(Records drawn from a dataset)
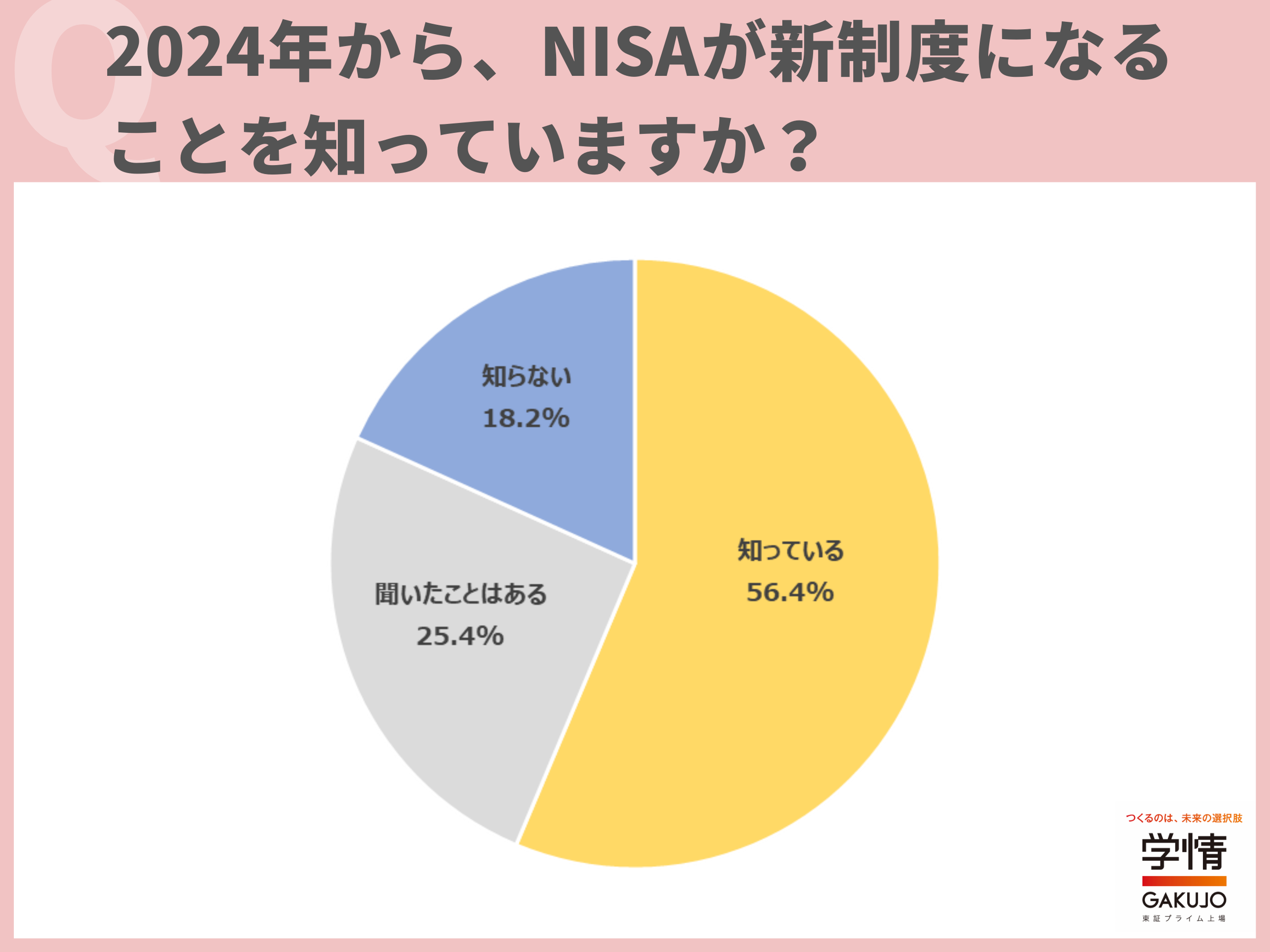2024年から、NISAが新制度になることについて、「知っている」と回答した20代は56.4%でした。「聞いたことはある」25.4%を合わせると、認知率は8割を超えます。
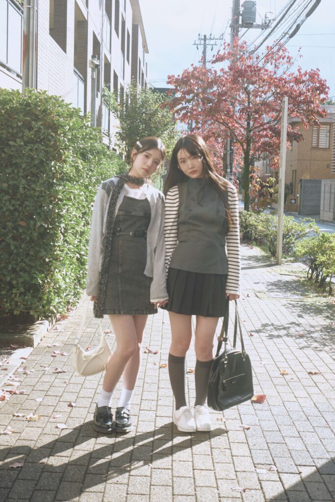 水玉、ボーダー、プリーツスカート、ナップザックなど、スクール感のあるアイテムを取り入れながら、カラーはグレーやホワイト、黒でまとめる。ちょっぴりレトロな雰囲気が、むしろ今っぽくておしゃれ!ニコラモデルも初挑戦の日本感性コーデ、90年代質感でお届けします!
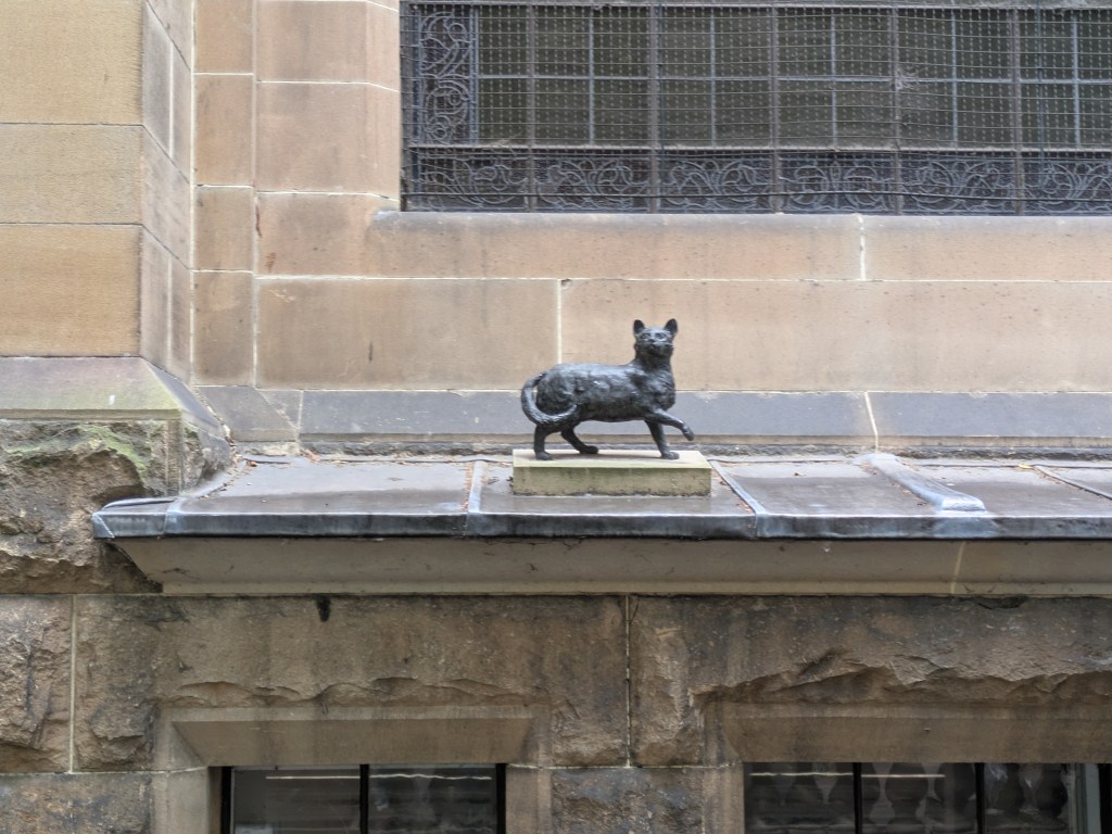 到達新州圖書館外面時,導遊海哥先帶我們到側邊,指著牆上一座人物及後面的小貓雕像說:「這就是馬修.福林達斯跟他的寵物。」
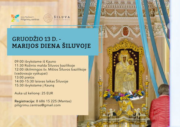 Jono Pauliaus II piligrimų centras kviečia drauge keliauti į Mergelės Marijos šventovę - Šiluvą - jau ateinantį antradienį, gruodžio 13 dieną. Advento laikotarpyje esame kviečiami atverti savo širdis ypatingam slėpiniui - Jėzaus Gimimui. Kas gali labiau padėti paruošti širdis mūsų Išganytojo gimimui, jei ne Marija!
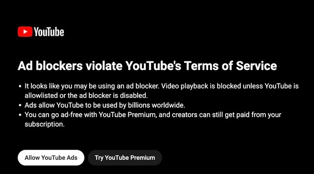Google has out and out made it a violation of their ToS to have an ad blocker to view Youtube. Or you can pay them $$$.

:: Task goal ::
All lines from the one containing "Jono Pauliaus II" through the final line of the records are to be retyped exactly; no other lines and no pictures are to be included.

:: Solution for this exercise ::
 Jono Pauliaus II piligrimų centras kviečia drauge keliauti į Mergelės Marijos šventovę - Šiluvą - jau ateinantį antradienį, gruodžio 13 dieną. Advento laikotarpyje esame kviečiami atverti savo širdis ypatingam slėpiniui - Jėzaus Gimimui. Kas gali labiau padėti paruošti širdis mūsų Išganytojo gimimui, jei ne Marija!
Google has out and out made it a violation of their ToS to have an ad blocker to view Youtube. Or you can pay them $$$.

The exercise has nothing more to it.